• **Items listed in a dataset**
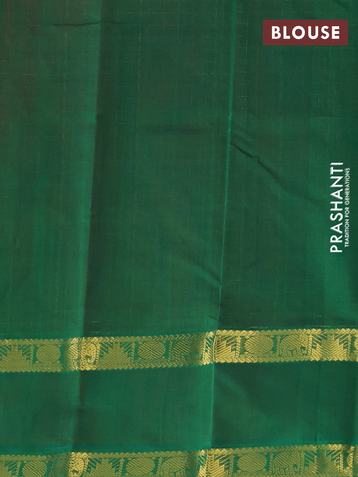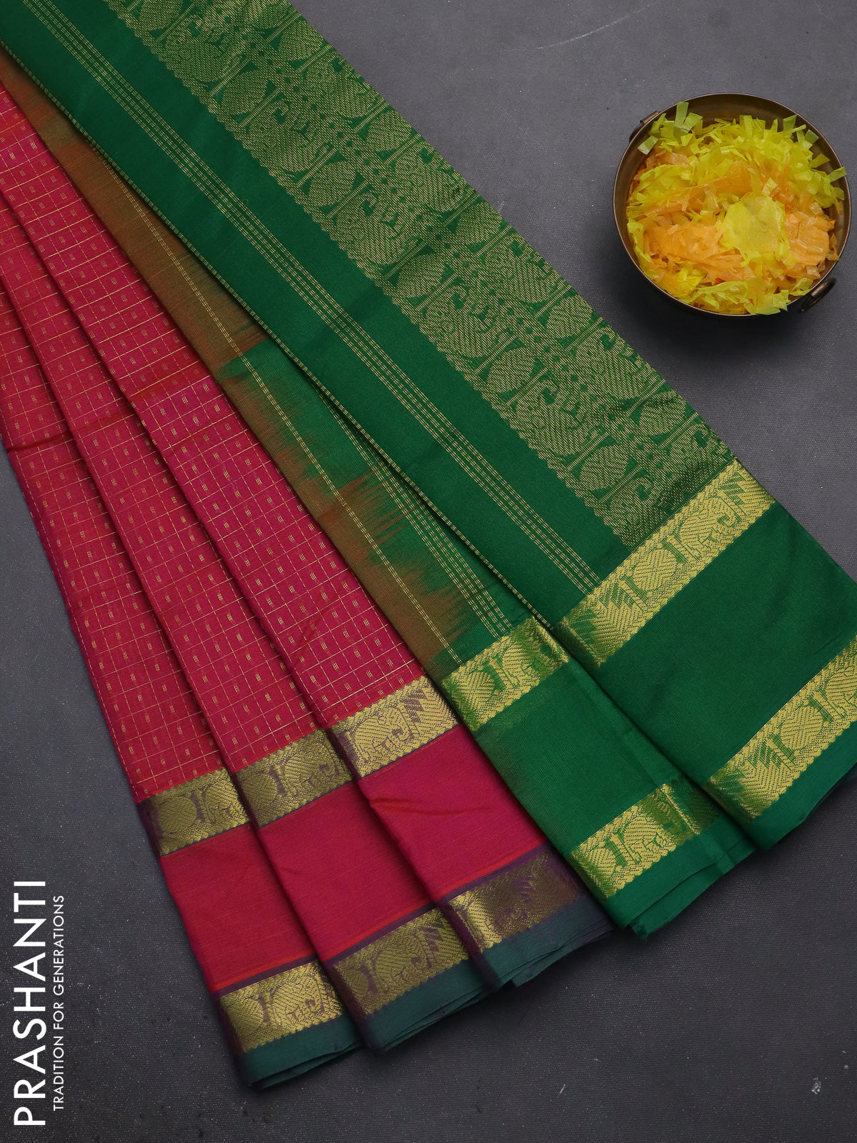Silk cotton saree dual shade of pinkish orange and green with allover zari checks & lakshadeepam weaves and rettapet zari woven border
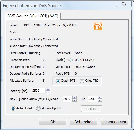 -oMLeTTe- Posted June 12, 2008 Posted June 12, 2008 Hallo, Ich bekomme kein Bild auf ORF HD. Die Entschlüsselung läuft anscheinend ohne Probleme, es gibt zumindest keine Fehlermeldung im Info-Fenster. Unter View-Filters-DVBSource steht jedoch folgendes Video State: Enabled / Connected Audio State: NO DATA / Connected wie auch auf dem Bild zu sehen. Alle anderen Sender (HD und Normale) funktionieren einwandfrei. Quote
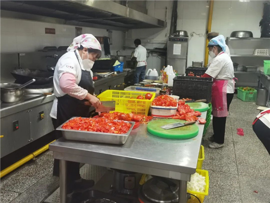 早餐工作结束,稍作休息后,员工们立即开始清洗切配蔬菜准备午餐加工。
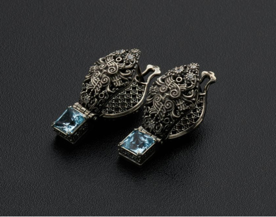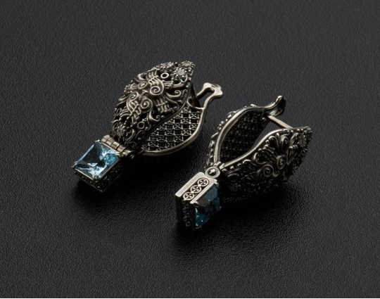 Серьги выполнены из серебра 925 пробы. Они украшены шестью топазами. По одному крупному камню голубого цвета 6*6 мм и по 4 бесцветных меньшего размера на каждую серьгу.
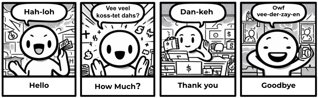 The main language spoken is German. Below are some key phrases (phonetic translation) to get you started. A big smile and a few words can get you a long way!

• **Problem requirements**
Your copy must hold every record above in its exact wording and must hold no pictures.

• **Answer to this problem**
Silk cotton saree dual shade of pinkish orange and green with allover zari checks & lakshadeepam weaves and rettapet zari woven border
 -oMLeTTe- Posted June 12, 2008 Posted June 12, 2008 Hallo, Ich bekomme kein Bild auf ORF HD. Die Entschlüsselung läuft anscheinend ohne Probleme, es gibt zumindest keine Fehlermeldung im Info-Fenster. Unter View-Filters-DVBSource steht jedoch folgendes Video State: Enabled / Connected Audio State: NO DATA / Connected wie auch auf dem Bild zu sehen. Alle anderen Sender (HD und Normale) funktionieren einwandfrei. Quote
 早餐工作结束,稍作休息后,员工们立即开始清洗切配蔬菜准备午餐加工。
 Серьги выполнены из серебра 925 пробы. Они украшены шестью топазами. По одному крупному камню голубого цвета 6*6 мм и по 4 бесцветных меньшего размера на каждую серьгу.
 The main language spoken is German. Below are some key phrases (phonetic translation) to get you started. A big smile and a few words can get you a long way!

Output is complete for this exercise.